Interest grew as the specifics of the mission were defined, but recruitment in Indonesia did not yield enough candidates. Due to military-political difficulties that arose during the implementation of the RTC agreement, replacing personnel from the former Royal Netherlands East Indies Army (Koninklijk Nederlands-Indisch Leger, KNIL) now serving in the VNMM with personnel from the Netherlands as quickly as possible became a priority. As cooperation and mutual understanding between the mission members and the TNI developed favorably, the initial distrust of the Indonesian high command towards the former KNIL soldiers faded into the background.

By the end of 1950, additional personnel began arriving from the Netherlands and the naval department formally joined the mission, finalizing its organizational structure. The departments of the NMM were subdivided into advisory and instruction teams corresponding to the Indonesian service branches and were stationed across the archipelago.

==Mission agreement==
At the second ministerial conference of the Netherlands-Indonesia Union on 29 November 1950, the definitive mission was established by joint decision.

Article 1 of the agreement described the task of the Military Mission for Indonesia:
- To assist the Government of the Republic of Indonesia in the development and instruction of the Indonesian National Armed Forces;
- To provide advisory services on military organizational and technical matters;
- In addition, in the maritime field: to assist in clearing existing minefields, and to perform other activities to be determined by mutual agreement;
- In addition, in the field of military aviation: to assist with air traffic control at airfields to be determined by mutual agreement, and to perform other activities to be determined by mutual agreement.

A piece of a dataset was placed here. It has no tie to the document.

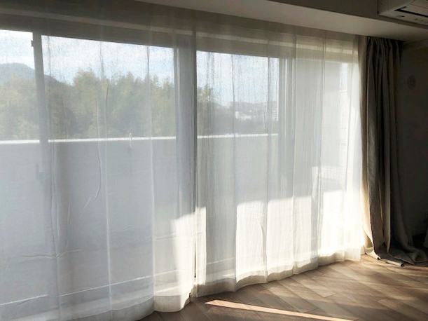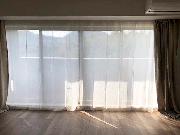 窓幅の約1.5倍、2ツ山で作ったリネンガーゼオフ白のカーテンです。ドレープはクラシックグラファイトでシックにまとめました。お日さまの光が柔らかい感じがします。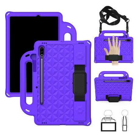 Samsung Galaxy Tab S7 Tough Case w. Pencil Holder, Strap & Shoulder Strap - Purple

The agreement was entered into for a period of three years, starting from 1 January 1951.

==Liquidation==
In the first quarter of 1953, negotiations opened regarding an extension or termination of the mission agreement. Against the backdrop of the growing West New Guinea dispute and the gradual collapse of the Netherlands-Indonesia Union, it became clear that there would be no extension. This was confirmed in a protocol with annexes signed by both governments on 21 April 1953. The technical implementation of the liquidation of the NMM was assigned to a committee consisting of the Minister of Defense of Indonesia and the commander of the NMM and/or their representatives. The timeline for the liquidation or repatriation of each mission element became dependent on the completion of ongoing training of Indonesian personnel, as the TNI intended to make most of the time given to them by political decision-makers.

In accordance with the plan drawn up by the liquidation committee, nearly all instructional and advisory activities of the NMM halted in the fourth quarter of 1953. The activities of the naval department in Surabaya were a notable exception, as it remained in the country to finish ongoing training throughout the first half of 1954. On 19 December 1953, all instructional and advisory teams, as well as the relevant staff sections of the army and air force departments, were disbanded, and the Military Mission for Indonesia ended. Its formal dissolution took place on 10 March 1954.

Major General Antoine Jan Alexander Pereira (1903–1960), who headed the mission since its formation, was succeeded on 12 September 1953 by Lieutenant Colonel Hans Anton Maurenbrecher (1910–1966). When the NMM was disbanded in December 1953, Maurenbrecher handed over command to Lieutenant Colonel Louis Bernard Duitz (born 1909).